Okay, let's start from the top: Vietnam. Kennedy saw we were in a no win situation. He had already had ordered a withdrawal of troops which had started the autumn of his death in '63. Johnson, upon taking office, immediately reversed that order. Fast forward to the Tet offensive, and Cronkite's comments that it was at best, a stalemate, but that it was unwinnable. It prompted Lyndon Johnson to say, "If I’ve lost Cronkite, I’ve lost middle America." And he was right. Less than a decade earlier, Eisenhower warned us of the Military Industrial Complex, and he was right.
Cronkite didn't pull his opinion out of his ass: he went into the field and got the story directly.

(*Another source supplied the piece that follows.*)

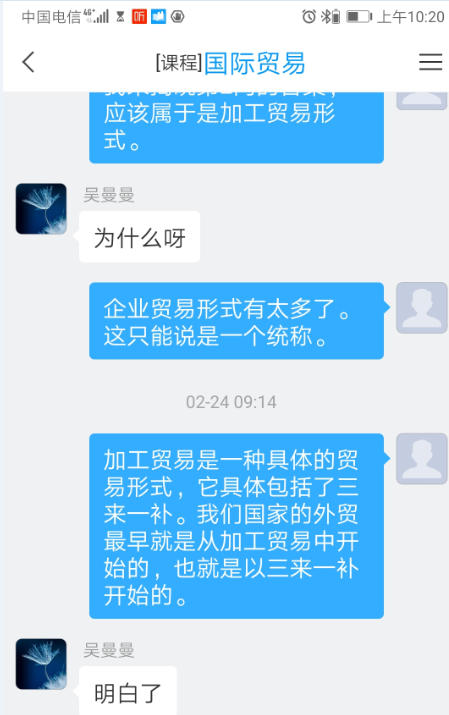 为认真贯彻教育部和省教育厅关于做好疫情防控期间教学工作的部署要求,确保“停课不停教、停课不停学”,根据学校和学院的线上教学指导意见,我承担了新学期19级国际经济与贸易专业学生《国际贸易》课程的线上教学任务。本着线上教学期间“站好岗,授好课,教好学生”的原则,在《国际贸易》课程线上教学的前期准备、线上授课和课后总结各环节过程中,我坚持以饱满的精神、认真负责的态度投入工作,践行好教师的职责。

As we've seen, the DOD fudged the numbers of US & Vietcong casualties to make it look like we were winning the war.
No, Cronkite was correct on Vietnam. He was correct to report the truth of the boondoggle our government and the MIL that Ike warned us about.
You point to an article where Cronkite stated that he did not believe there was a Soviet threat. He's not the first one to say that. Once tourism opened up in the USSR, Robert Heinlein and his wife visited the country. As she had learned to speak Russian, she was able to speak with Russian citizens about the state of their country. Bob also made his own observations. Smaller families were the norm, while the population was far from its pre WWII number. It's a good article and you can find it in his collection EXPANDED UNIVERSE, under the chapter "Pravda Means Truth"
No, Walter earned his title the most trusted man in America.
Oh, as far as the military budget, we spend more on defense than the next five countries combined. FDR showed how to use a military budget to improve the country in tes of peace, and to prepare for times of war. The later was an unexpected side benefit. We need to re uid our own country before we go off destroying others. But, that's another issue. One Trump would be better at achieving than Hillary.